Typical old protocols include:
- Akash Network ($AKT)
Positioning: Decentralized computing power market.
Connection Point: Computing power leasing is a typical "per second/per quantity" billing scenario. x402 V2 allows AI to make streaming payments directly with USDC or even fiat channels, significantly lowering the threshold for AI to procure computing power.
Logically, this is more like a passive benefit, with less direct correlation.
- Giza ($GIZA), @gizatechxyz
Positioning: Verifiable machine learning protocol (ZKML) and DeFi Agent applications.
Connection Point: Giza has a dual identity. As a technology layer, it acts as a "verifier" before payment settlement. Before using x402 to pay for expensive inference fees, Giza's ZKML technology can prove that "the model is indeed running as required."
As an application, its flagship products (like ARMA) operate as DeFi Agents relying on payment tracks like x402.
Third Category: AI's "Asset Side" and Execution Layer
The narrative logic here is that if x402 V2 makes AI payments better, then who is producing these Agents? Who is using these tools to help users make money?
Old friends, we return to Virtuals Protocol ($VIRTUAL).
As a leading AI Agent issuance platform, x402 V2 essentially gives Agents on Virtuals a "cross-chain passport." Users holding VIRTUAL series Agents can, in the future, command Agents to participate in new offerings on Solana or arbitrage on the mainnet through the x402 protocol.
- Brahma, @BrahmaFi
Positioning: On-chain execution and strategy orchestration layer.
Connection Point: Brahma, due to its core business of helping users automate complex DeFi strategies, can use x402 to unify the payment of various Keeper (executors) Gas fees and execution fees, achieving complete automation.
This can also lead to a category of scenario adaptations regarding DeFAI. The key infrastructure for DeFi's transformation into AgentFi.
Summary
Finally, let’s take a step back and calmly reflect on the signals released by x402 V2.
Technically, x402 is a payment protocol, and in the context of cryptocurrency, it can actually lead to many financial play possibilities.
By introducing "deferred payments (credit)" and multi-chain accounts, V2 can also give AI the concept of a balance sheet.
When an Agent is allowed to "serve first and pay later," it possesses liabilities; when it can hold various assets across chains, it possesses equity.
Once there are assets and liabilities, AI is no longer just a code script but transforms into an independent economic entity, expanding the gameplay.
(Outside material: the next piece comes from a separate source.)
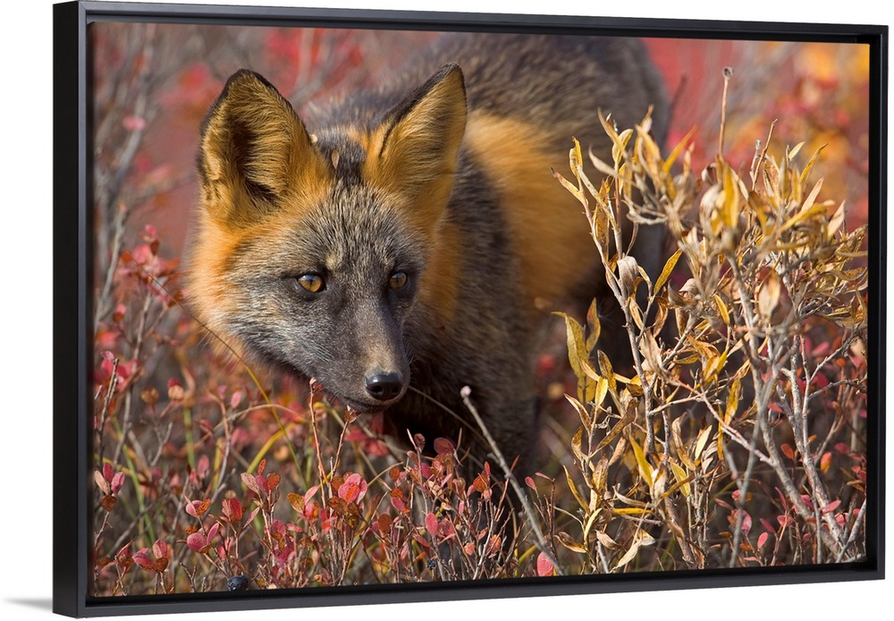 <p>Close up portrait of a cross fox peering through blueberry and willow shrubs in Denali National Park, Alaska, Interior, Fall</p>

This is the true origin of the AgentFi (Agency Finance) narrative.
For speculation, during the current market downturn, there is no need to fantasize about how AI will build complex business empires in the future; we only need to focus on the changes in the underlying narrative logic:
Previously, we invested in AI at the model level, i.e., "who is smarter"; in the future, we will invest in AI at the financial level, i.e., "who is wealthier."
x402 V2 is merely the starting gun. Once the market improves, we can closely monitor those projects that issue ID cards to AI, provide credit for AI, and turn computing power into retail products.
These projects are the kind that sound very attractive, are hard to falsify, and possess forward-looking narratives.
In the process of AI upgrading its narrative from a tool to an economic entity, these shovel-selling projects will collect the first wave of tolls, regardless of whether the market is bullish or bearish.